I worked on the development, implementation, and evaluation of learning-based localization methods to estimate planar position from WiFi signal data. This involved,
- Designing regression models that take BSSID-indexed RSSI measurements as inputs and output estimated (x, y) coordinates
- Implementing these models as a ROS2 prediction node that integrates with the system-wide sensing and filtering pipeline
- Performing data analysis and quantitative evaluation to assess localization accuracy and system efficacy
My other 2 team members, Jack and Ben, focused on complementary system components like the Sensing and Filtering aspects of the pipeline. This included the ROS2 Wi-Fi driver, custom message definitions, low-pass filtering of raw RSSI measurements, and Kalman filtering for temporal smoothing. My development of the core inference layer of the localization system is wrapped in a ROS2 Python Node with a regression training Python script.

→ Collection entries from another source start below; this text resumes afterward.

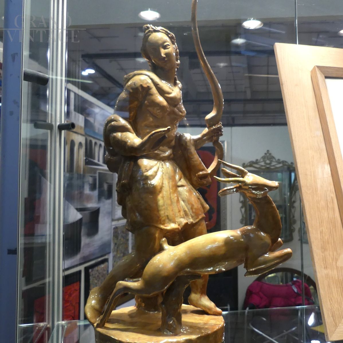 Diana Cacciatrice - scultura di Pietro Melandri in ceramica smaltata a lustro, anni '30 / '40
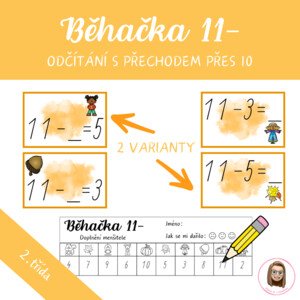 Hravá běhačka pro prvňáky a druháky, která procvičí odčítání s přechodem přes desítku (typ 11−). Děti se při aktivitě
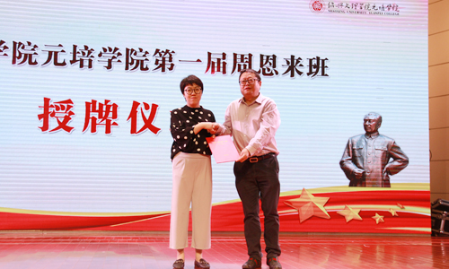 周秉建和娄钰华为学院第一届“周恩来班”获奖班级授牌
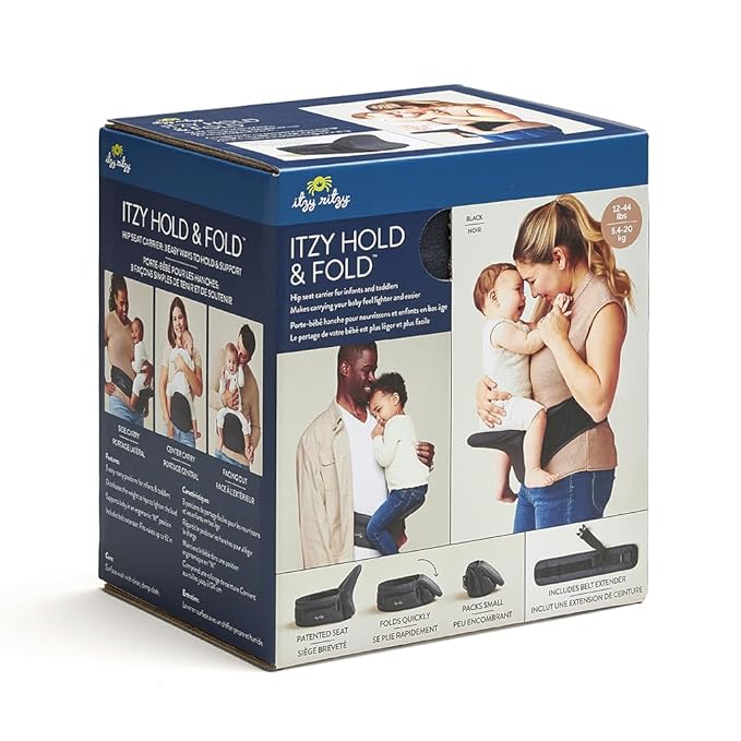 - The Itzy Hold & Fold hip seat baby carrier features a compact design, three carrying positions and an included zipper pocket for essentials
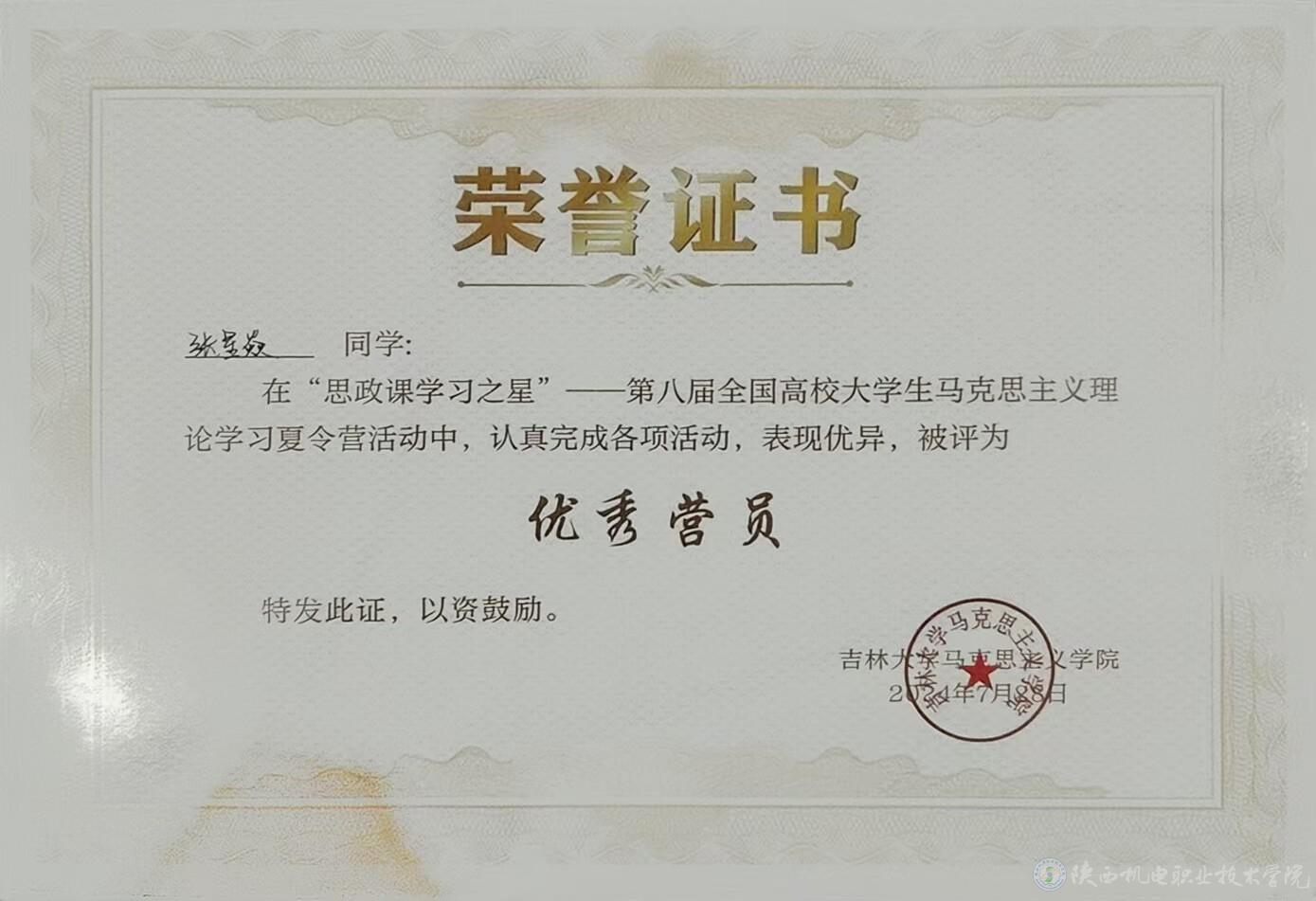 7月21—28日,第八届全国大学生马克思主义理论学习夏令营在吉林省举行。经学校推荐、陕西省委教育工委遴选,今年会铁道工程学院张星焱同学作为陕西省5名学生代表之一参加了本次活动并获“优秀营员”荣誉称号。
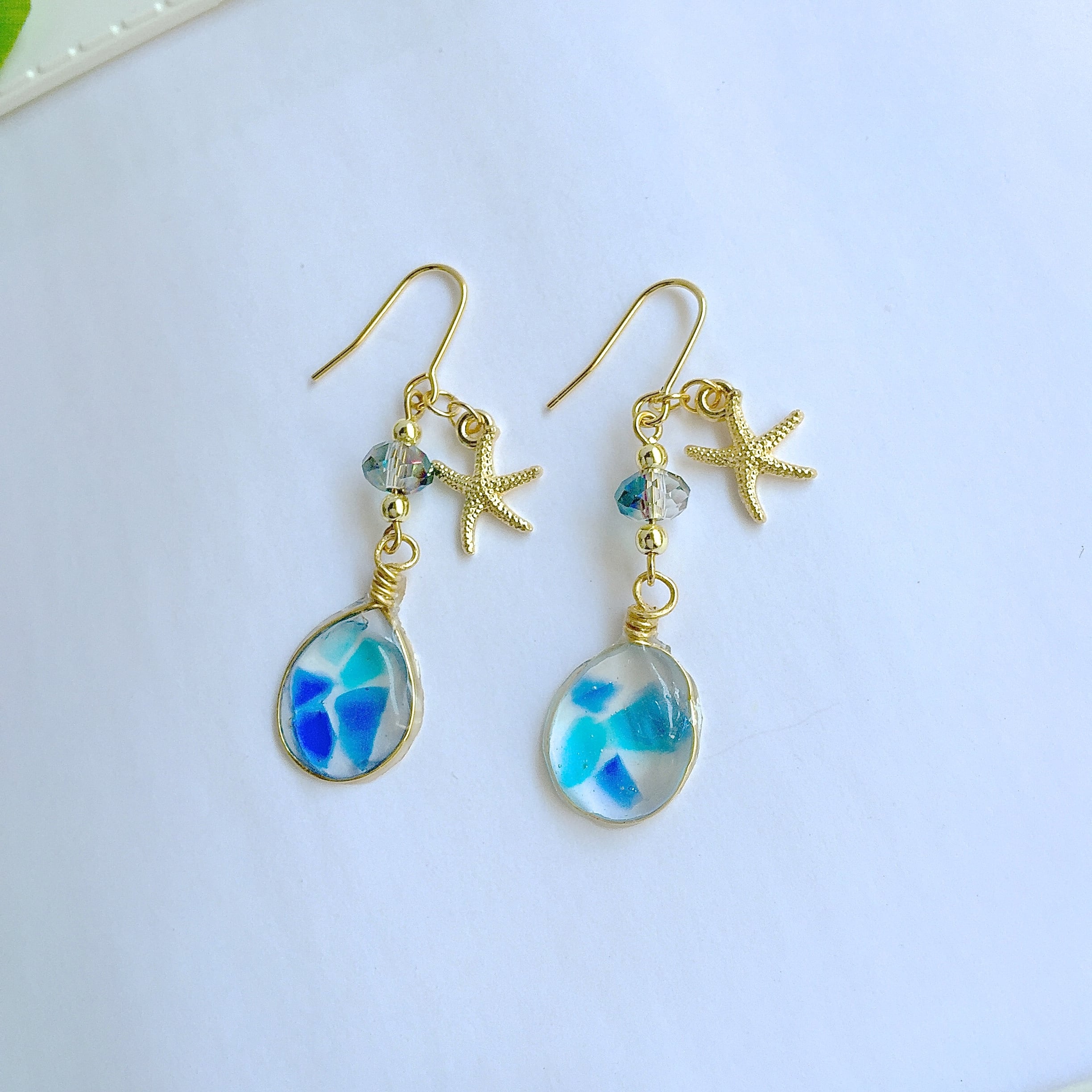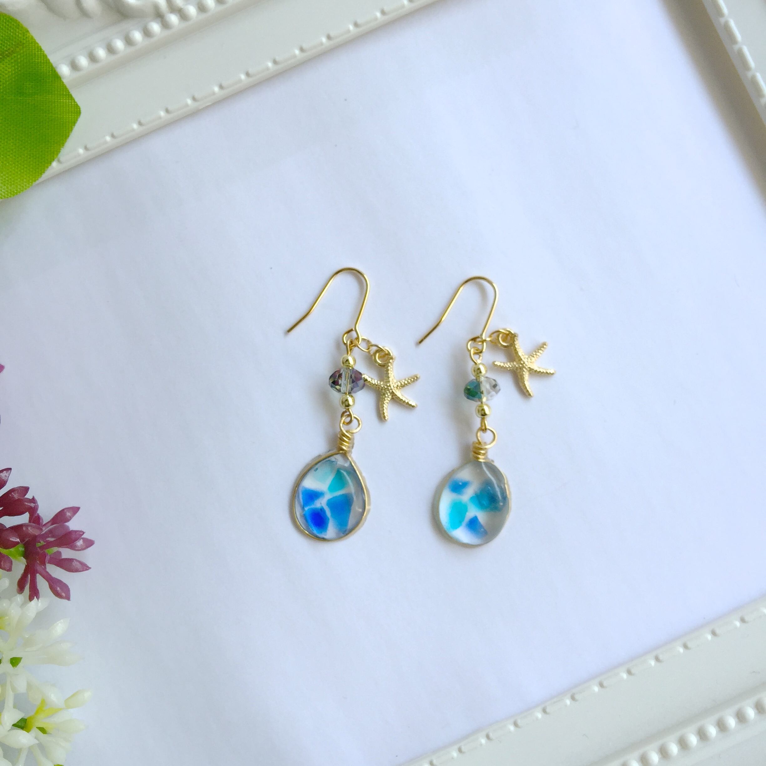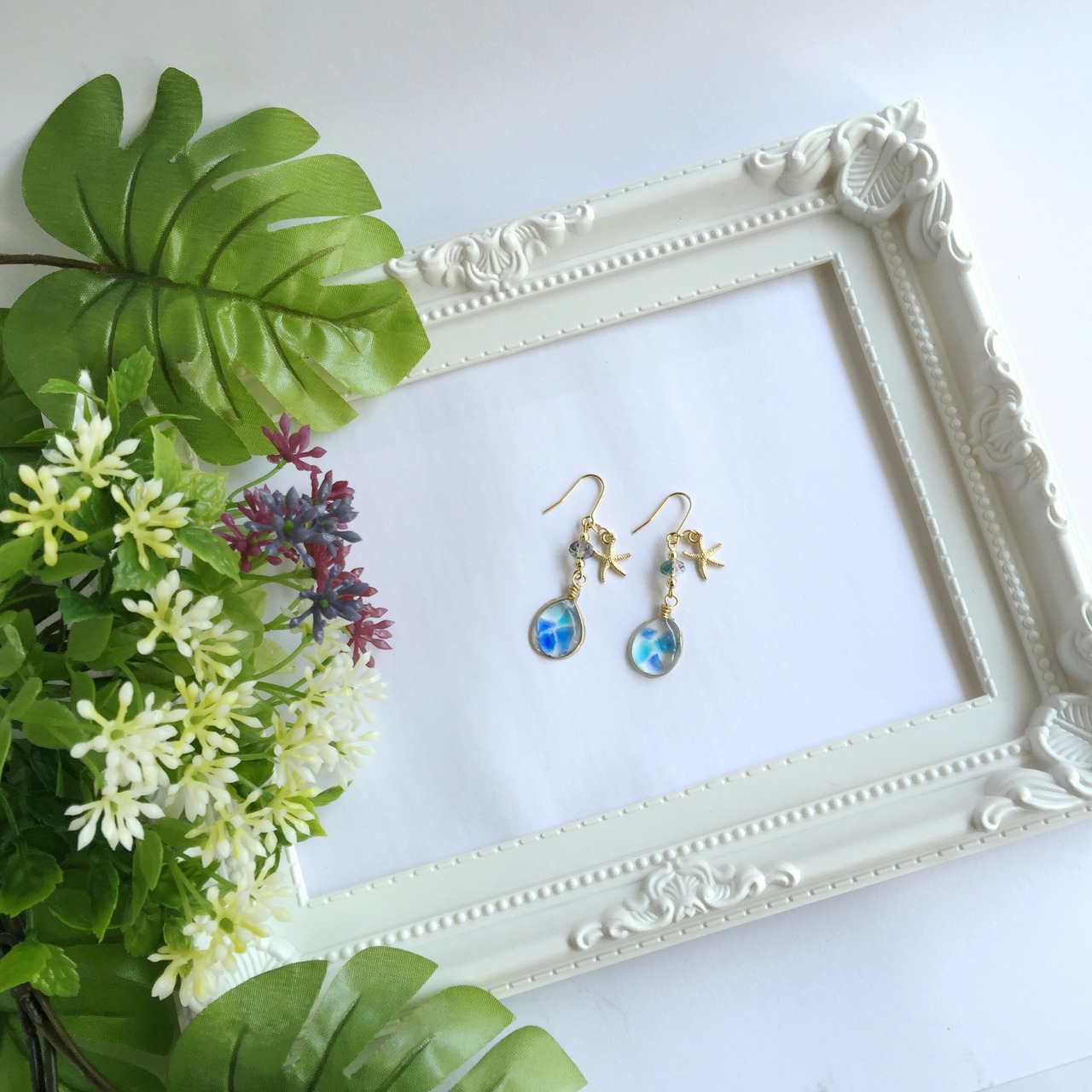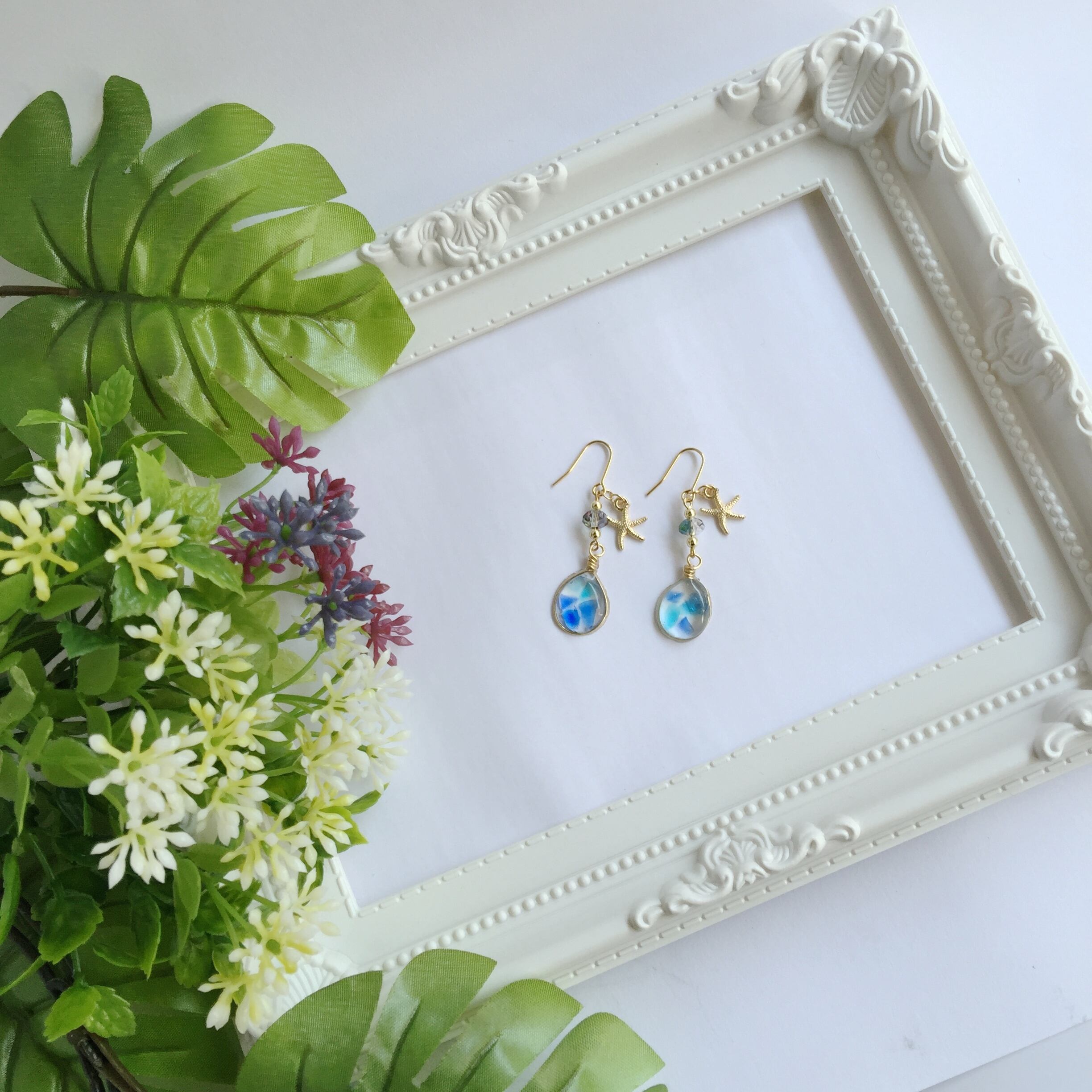 シンプルに様々なブルーで輝くビーズとゴールドカラーのスターフィッシュモチーフをゴールドカラーのフックピアスにあしらい爽やかな印象に仕上げました。

I followed a process of analysing the data, experimenting with various models, and producing the necessary results for filtering.
Sensing Modality Data Challenges:
- High dimensionality & sparsity: Only a subset of all the access points for each Wi-Fi scan
- Measurement noise & temporal variability
- Nonlinear spatial relationships Despite these challenges, Wi-Fi was chosen for its infrastructure-free and low-cost sensing capabilities.
Data Representation + Preprocessing
Wi-Fi scans recorded consisted of variable-length access point observations, which are incompatible with standard regression models. To address this, I used a fixed-dimensional representation indexed by BSSID. I used mean imputation to handle the missing RSSI values. As a result, the consistently observed access points were incorporated into the model. I also implemented a variance-based feature selection to remove access points with low informational content.
Candidate Modeling Approaches
I implemented 3 approaches, each with increasing complexity.
- Lazy learning or fingerprinting: Evaluated as an initial baseline due to their simplicity but they scaled poorly with dataset size and did not provide reasonable estimates. Downstream probabilistic filtering was probably necessary to address accuracy concerns in the training dataset.
- Gaussian Process Regression (GPR): Trained a single multi-output GP and observed its ability to model nonlinear relationships while quantifying predictive uncertainty.
- Multi-output regression formulations using GPR: Two independent GPs, one for each spatial dimension (x, y), which yielded the highest predictive accuracy.
Results
Gaussian Process Regression, when combined with structural preprocessing and careful kernel design, was shown to be well-suited for Wi-Fi-based indoor localization. We successfully achieved 2-Dimensional localization with sufficiently accurate position estimates.
Please note that GenAI was used to debug and help develop this regression, as this project was my first introduction to Machine Learning. I used it as an opportunity to learn as much as I could while keeping up with the rapid development timeline.